Records for the exercise >>
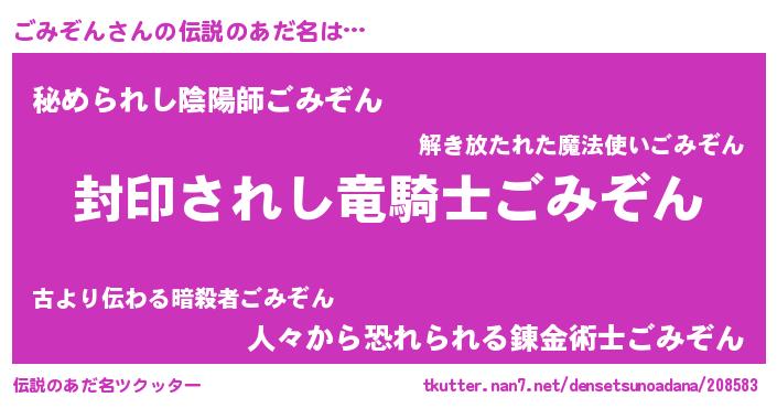 | 意味不明あだ名 | 『住所不定無職ごみぞん(3歳)』 |
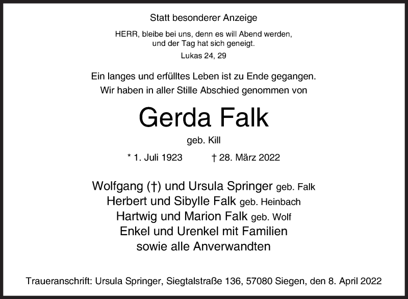 Hier finden Sie alle Traueranzeigen aus der Zeitung, die bisher für Gerda Falk erschienen sind. Weitere Traueranzeigen, die in der Zeitung erscheinen, werden hier ebenfalls aufgelistet
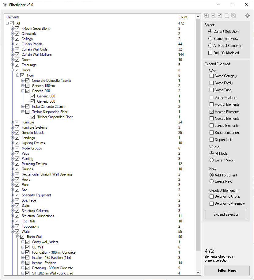 FilterMore is an advanced filter that will let you view your current selection as single elements and grouped by category, family, and type. It will also let you expand your current selection through different options like nested, joined, hosted or a host of elements.
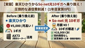 - 【実録】楽天ひかりからSo-net光10ギガへ乗り換え!圧倒的な通信費削減!
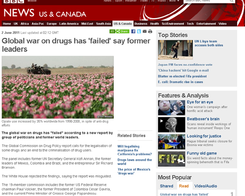 Ο παγκόσμιος πόλεμος κατά των ναρκωτικών έχει αποτύχει, σύμφωνα με κείμενο που είδε χθες το φως της δημοσιότητας και το οποίο υπογράφει επιτροπή αποτελούμενη από 19 μέλη, συμπεριλαμβανομένων αρκετών πρώην ηγετών της Λατινικής Αμερικής. Μεταξύ αυτών που αναφέρονται είναι και ο πρώην γενικός γραμματέας του Ο.Η.Ε., Kofi Annan καθώς και ο νυν πρωθυπουργός της Ελλάδας, Γιώργος Παπανδρέου.
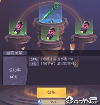 祭炼消耗1至3张灵禁符与灵石,将灵符上的灵禁附加在法宝上。灵禁符上可能记录着不同的灵禁,并且每次祭炼都有一定概率失败。
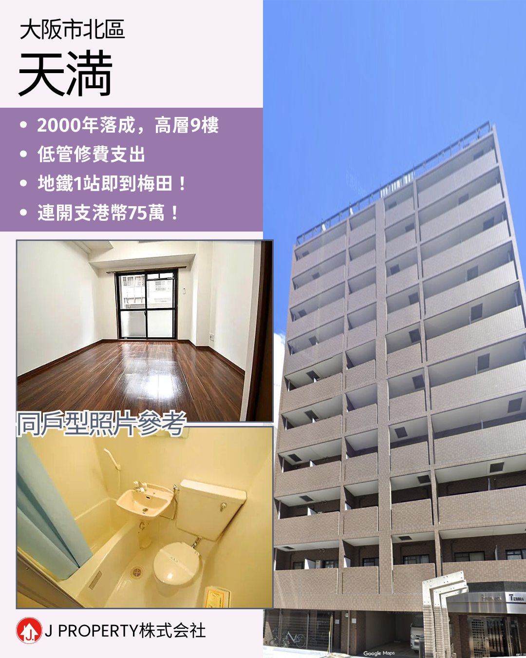 【大阪市北區超值盤】 大阪2000年後,行3分到叁線交匯地鐵站, 行2分鐘到「天神橋筋商店街」高層9樓,總價約75萬港幣
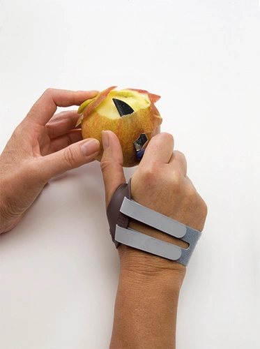 Die Orthese stabilisiert das Daumensattelgelenk und positioniert den Daumen in einer funktionalen Stellung, wodurch der sogenannte „Daumenbogen“ entsteht. Während des Einsatzes der Hand bleibt dieser stabil und sorgt für eine gute Greiffunktion. Die angrenzenden Gelenke, darunter das Handgelenk, bleiben frei und werden nicht in ihrer Bewegungsfreiheit eingeschränkt. Auf diese Weise wird eine optimale Handfunktion gewährleistet.
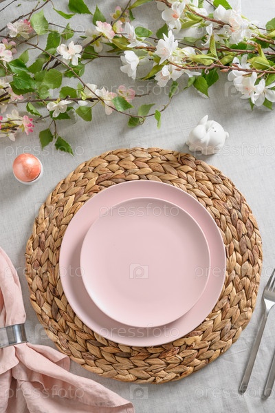 Пасхальный розовый ужин с белым кроликом, свежими весенними цветами и яйцом. Элегантная сервировка стола. Вид сверху. Традиция христианской религии
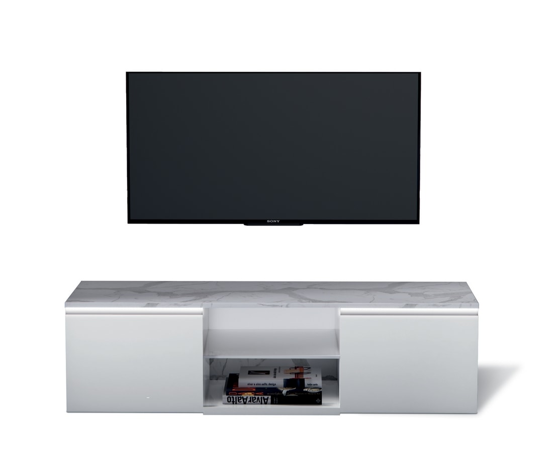 TV-Ständer mit weißer lackierter Struktur und Türen mit Innenausstattung von Carrara Marmoreffekt.
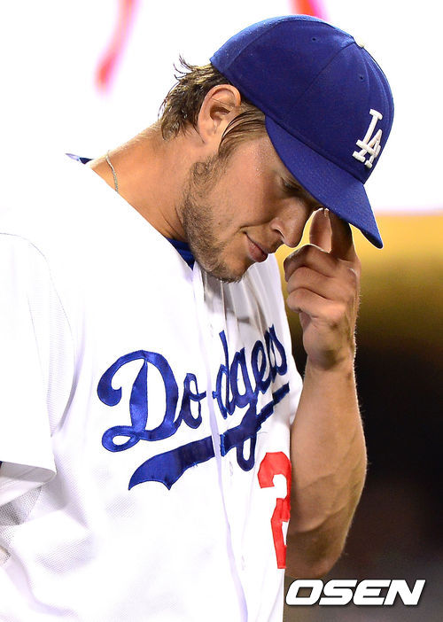 [OSEN=로스앤젤레스, 곽영래 기자] 27일(한국시간) 미국 캘리포니아주 로스앤젤레스 다저 스타디움에서 열린 2013 미국 메이저리그 LA 다저스와 샌프란시스코 자이언츠의 경기,4회초 역전 2점 홈런을 허용한 다저스 선발투수 커쇼가 이닝종료 후 더그아웃으로 들어가고 있다
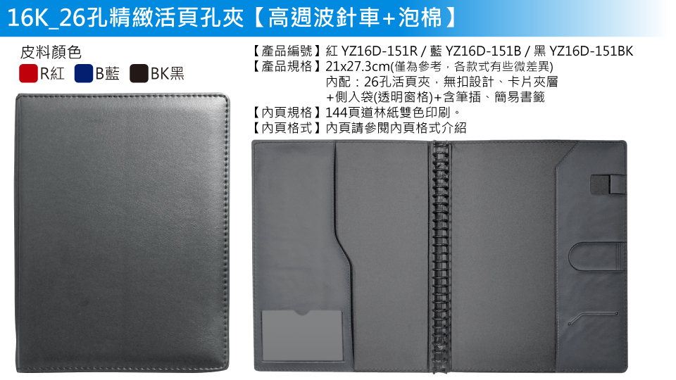 YZ16D-151【統義】16K精緻活頁孔夾-26孔活頁(高週波針車+泡棉)【萬用手冊工廠】【出清品工廠】【客製化工廠】【文具用品工廠】【工商日誌工廠】【活頁手冊工廠】【超便宜工廠】【3000免運】【文具工廠】接受進行原廠委託設計製造ODM
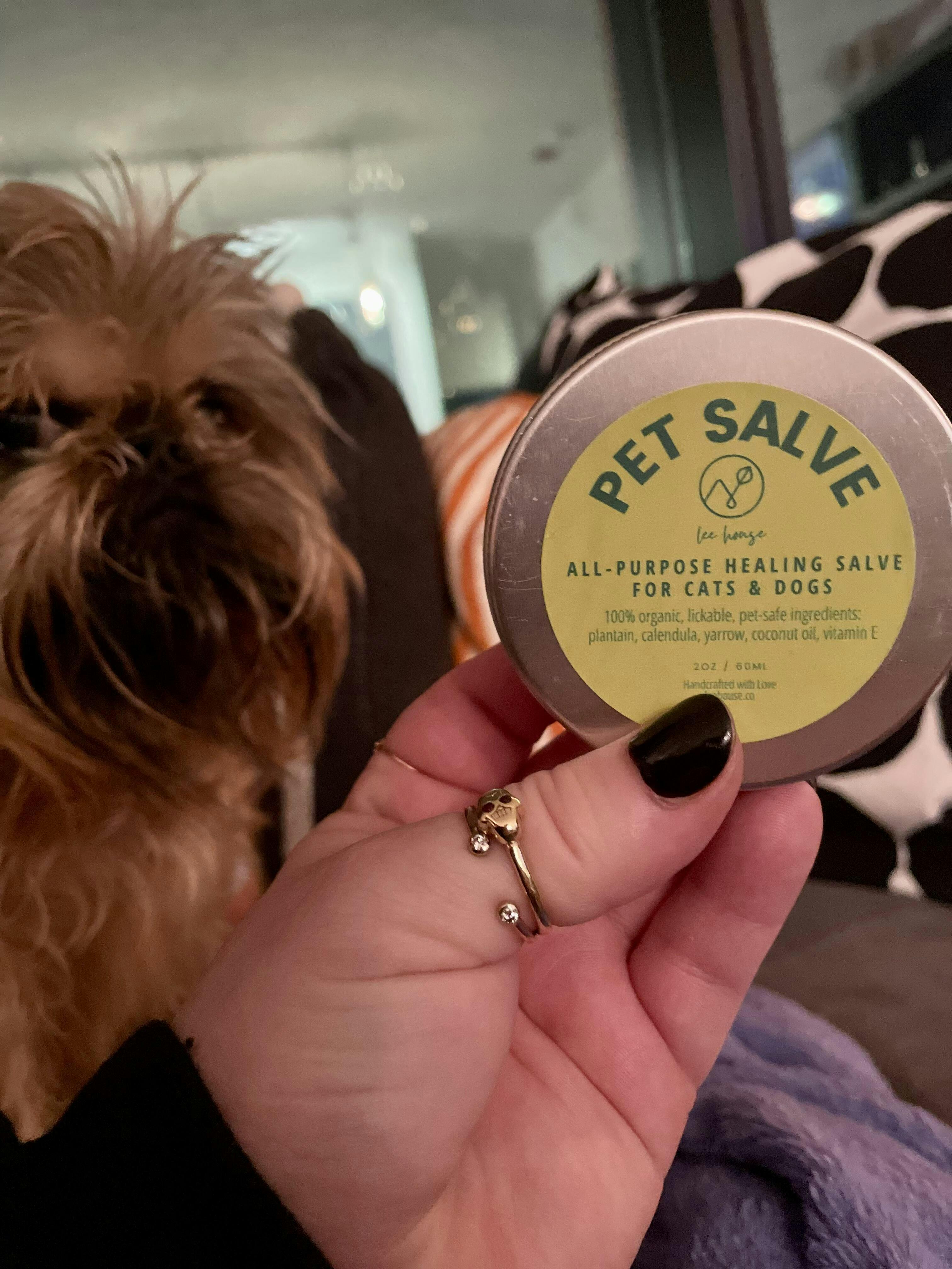 My sweet Brussels Griffon, Bug, LOVES when I rub my Pet Salve on her cute toe beans. The comforting scent and safe likability make it a welcome part of our self-care routine. Super recommend for pets' and parents' paws!
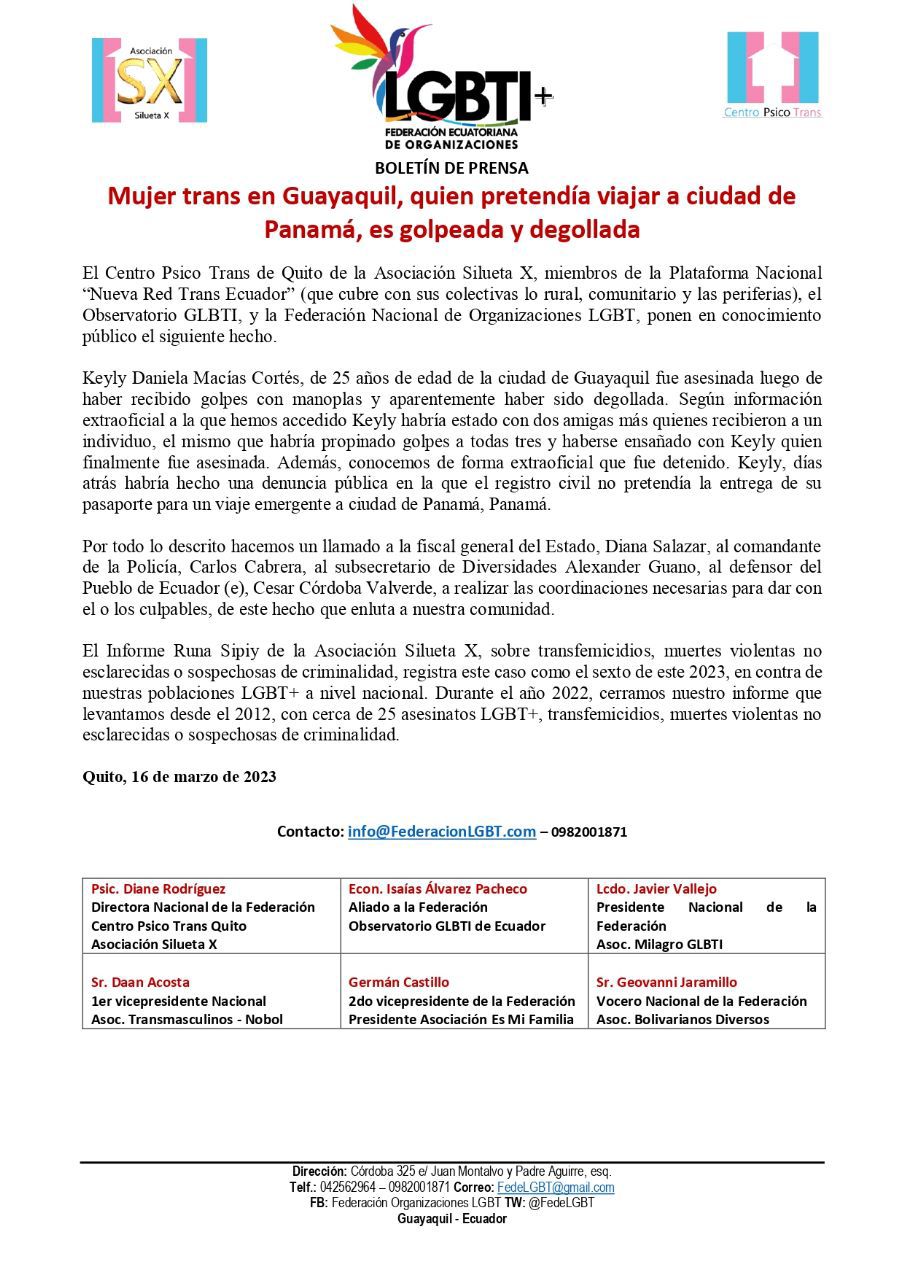 El Centro Psico Trans de Quito de la Asociación Silueta X, miembros de la Plataforma Nacional “Nueva Red Trans Ecuador” (que cubre con sus colectivas lo rural, comunitario y las periferias), el Observatorio GLBTI, y la Federación Nacional de Organizaciones LGBT, ponen en conocimiento público el siguiente hecho.
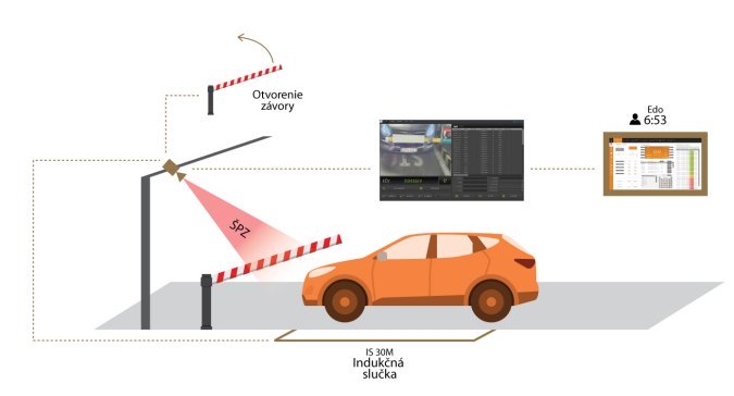 Osobný automobil, ktorý nie je vybavený RFID kartou s dlhým dosahom, možno ľahko identifikovať podľa registračnej značky. V tomto prípade je ideálny postup pre správne rozpoznanie vozidla nasledujúci. Vozidlo príde k spomaľovaču, kde jeho prítomnosť vyhodnotí indukčná slučka. Slučka dá pokyn kamere k získaniu snímky a vyhodnoteniu RZ. V prípade, že je daná RZ na zozname vozidiel s oprávnením ku vjazdu, závora sa otvorí.
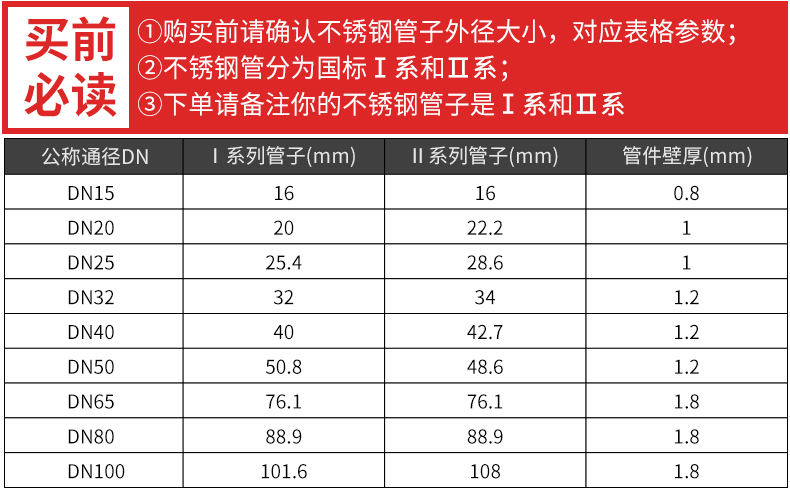 適用連接方式:卡壓連接 適用規(guī)格: DN15-DN100
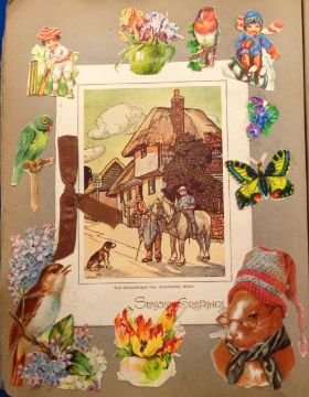 Scraps and Greetings Cards, a selection of good greetings cards and scraps to include many anthropomorphic, many Valentines, military, Naval, insects, fish, animals, fire brigade, poultry etc. Most laid down in albums, many loose (albums gen poor, scraps and cards gen gd)
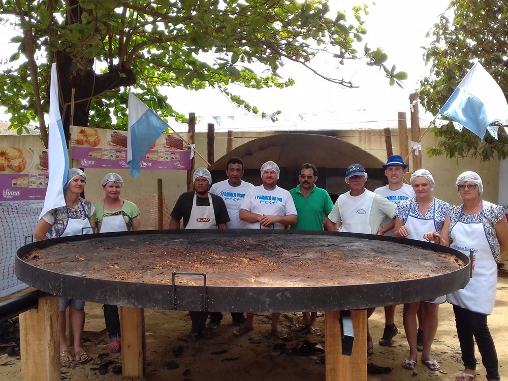 O brote, uma das iguarias mais tradicionais da culinária alemã foi confeccionado artesanalmente por voluntários, que literalmente colocaram a mão na massa. Tudo possível, graças ao item fundamental construído por Kleisler Ferreira. Trata-se da “forma” de ferro, de nove metros de diâmetro. Tudo feito, o brote pesando 300 quilos ficou no “ponto”.
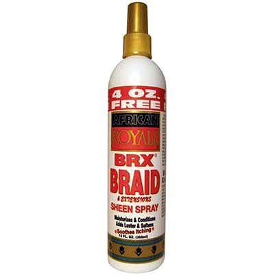 African Royale BRX Braid and Extensions Sheen Spray soothes the itching often associated with braids, weaves, and extensions. BRX is great for any commercial, synthetic, or natural hair. The 14 natural herbs and other conditioners keep hair looking good and healthy. The light formula easily penetrates through braided or weaved hair to condition deep down and keep the sheen and softness in natural or synthetic hair. BRX Contains No Alcohol or Oils that will affect bonded hair. Directions: Spray a light mist of BRX on hair and scalp. Gently massage into hair by gently pressing on hair. Mist will penetrate hair and deep condition. Use African Royale Soft As Me Shampoo and Diamond Drops for super sheen that lasts all day.
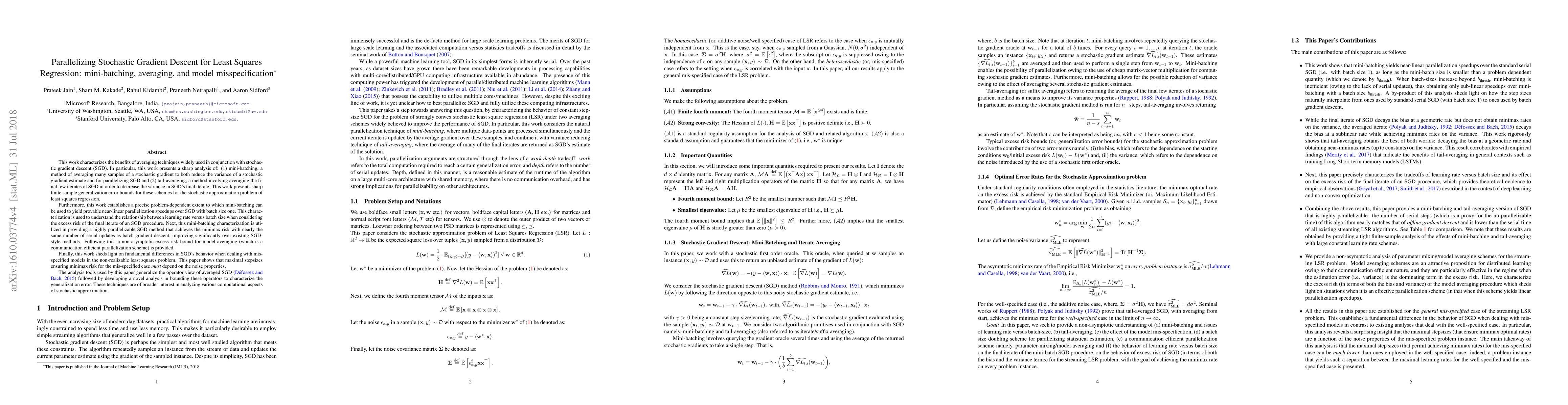 The paper characterizes benefits of averaging schemes used with stochastic gradient descent (SGD), providing non-asymptotic excess risk bounds for mini-batching and tail-averaging in least squares regression. It analyzes learning rate vs. batch size tradeoffs and presents a highly parallelizable SGD method.
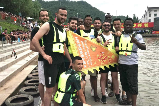 5月31日,义乌市第七届大陈龙舟赛在浙江省义乌市大陈镇的红旗村段水域举行。我校由阿尔及利亚、巴勒斯坦、也门、摩洛哥等国家的20位国际学生组成的“感知中国”龙舟队伍受邀参加比赛。
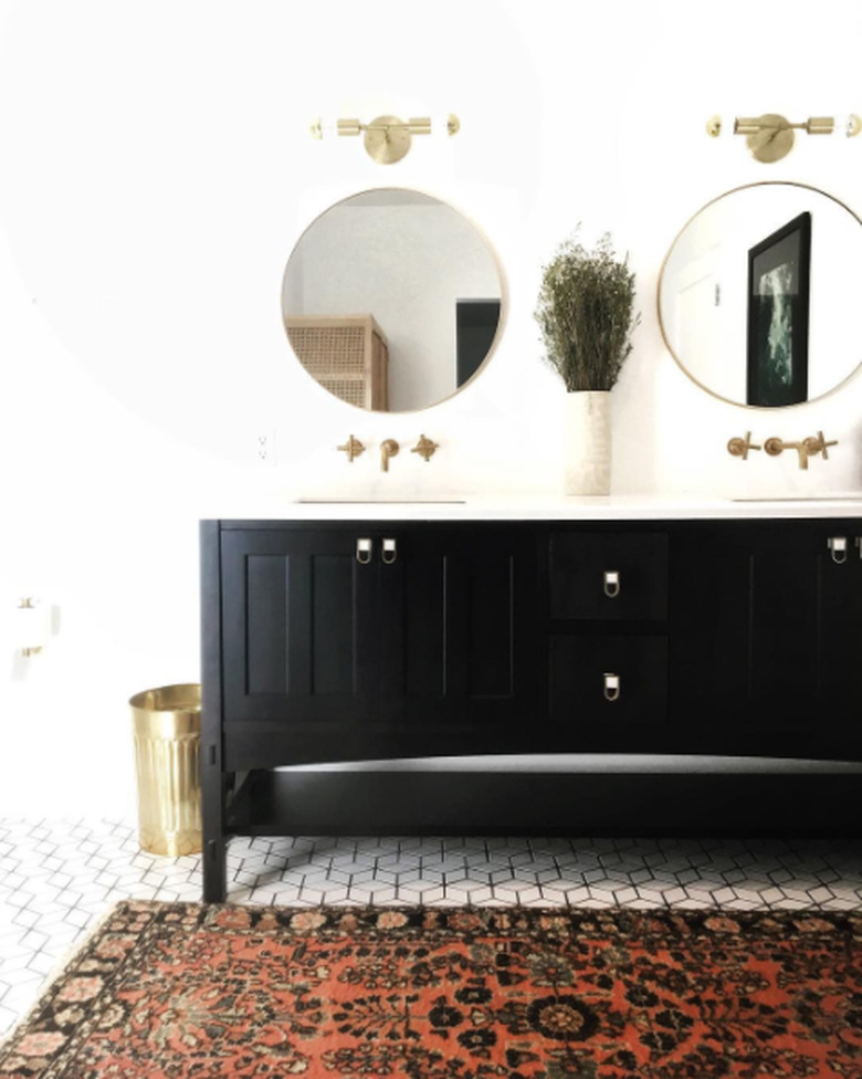 Just when we thought we couldn't possibly swoon over this year's black bathroom trend more, we stumbled upon this stunner by Whitney Utesch of Carpendaughter. Once again, the room's brilliance comes down to balance. A black accent wall keeps from appearing too heavy thanks to a base of white subway tiles — yet another longstanding trend — and a natural wood counter beneath the sink adds a dose of warmth to the stark contrast of those opposing hues. Meanwhile, a big ol' round mirror further softens the inky hue's hard edge, while a bare industrial bulb plays up its cool factor. Brushed metal hooks polish off the look with just the right amount of glam, but you know it's that black faucet with its oh-so-chic appearance that's giving us all the design feels. Despite its simplicity, it gives the unique impression that no other fixture would do.

What you have to do >> Starting at the line containing "[OSEN=로스앤젤레스, 곽영래 기자]" and finishing at the line containing "YZ16D-151【統義】1", return those lines exactly as they appear above, without the pictures.

Exercise result >>
 [OSEN=로스앤젤레스, 곽영래 기자] 27일(한국시간) 미국 캘리포니아주 로스앤젤레스 다저 스타디움에서 열린 2013 미국 메이저리그 LA 다저스와 샌프란시스코 자이언츠의 경기,4회초 역전 2점 홈런을 허용한 다저스 선발투수 커쇼가 이닝종료 후 더그아웃으로 들어가고 있다
 YZ16D-151【統義】16K精緻活頁孔夾-26孔活頁(高週波針車+泡棉)【萬用手冊工廠】【出清品工廠】【客製化工廠】【文具用品工廠】【工商日誌工廠】【活頁手冊工廠】【超便宜工廠】【3000免運】【文具工廠】接受進行原廠委託設計製造ODM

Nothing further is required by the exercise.